Jimin se lève, attrape son ami qui virevolte en lançant des insanités à propos d'un vieux bedonnant sans aucun goût, lui plaque les bras le long du corps, le serre contre lui.
Taehyung, surpris, ne bouge plus. Tout juste ose-t-il respirer.
— Mon ourson à la guimauve à moi.

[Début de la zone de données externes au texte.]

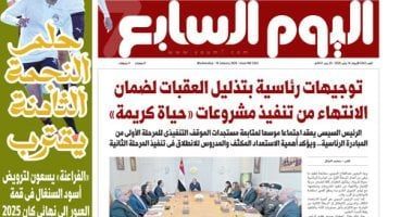 ينشر "اليوم السابع" فى عدده الصادر غدا الأربعاء، تفاصيل هامة حول العديد من الأحداث الجارية على الساحتين الداخلية والخارجية أبرزها: توجيهات رئاسية بتذليل العقبات لضمان الانتهاء من تنفيذ مشروعات حياة كريمة.. الرئيس السيسى يعقد اجتماعا موسعا لمتابعة مستجدات الموقف التنفيذى للمرحلة الأولى من المبادرة الرئاسية.. ويؤكد أهمية الاستعداد المكثف والمدروس للانطلاق فى تنفيذ المرحلة الثانية.

C'est Danielle, c'est ça ? Encore une crise de jalousie épique ? Bien sûr que tu peux venir dormir à la maison.
Taehyung le regarde comme s'il venait de lui annoncer que les éléphants auraient désormais une deuxième trompe.
— Bah quoi ? s'impatiente Jimin.
La bouche de Taehyung s'étire en un immense sourire carré. Et le voilà qui virevolte à nouveau en produisant des sons qui doivent être des mots.
"Dling, dling"
Jungkook passe la porte sous le bras de l'acteur. Ils apportent avec eux une odeur de baguette toute chaude. Ils restent médusés, dans l'entrée.
— Qu'est-ce qu'il dit ? demande Jungkook à Jin.
Jin hausse les épaules.
— Pfft ! Aucune idée. Il a pété une durite. Faut dire qu'on ne laisse pas Lautréamont entre toutes les mains.
Jungkook regarde Jin comme si, lui aussi, venait d'être touché par la folie qui habite Taehyung. Comme cette hystérie collective qu'il a vu dans un documentaire, où des gens, en France, au Moyen âge, s'étaient mis à danser sans plus s'arrêter jusqu'à ce que mort s'en suive. Il ouvre des yeux ronds suppliants à l'attention de Jimin.
— JE VAIS ÊTRE PAPA ! beugle Taehyung en grimpant sur le marche pieds.
— Et voilà qu'il nous refait Le Cercle des poètes disparus, commente Jin, peu impressionné.
— PAPA ? s'exclament soudainement les trois hommes en chœur.
Taehyung s'accroupit, prend sa tête entre ses mains. Il mime parfaitement la folie, se dit Jimin.
— C'est une bonne nouvelle, ça ? ose murmurer d'une toute toute petite voix Jungkook.
Et voilà Taehyung reparti dans sa danse folle.
— Oui, mais moi, je ne sais pas comment on devient papa ! Et s'il ne m'aimait pas, ce bébé ? Et si je ne l'aimais pas et que je le trouvais affreusement laid ? Et si Danielle mettait au monde un autre Jean-Baptiste Grenouille ?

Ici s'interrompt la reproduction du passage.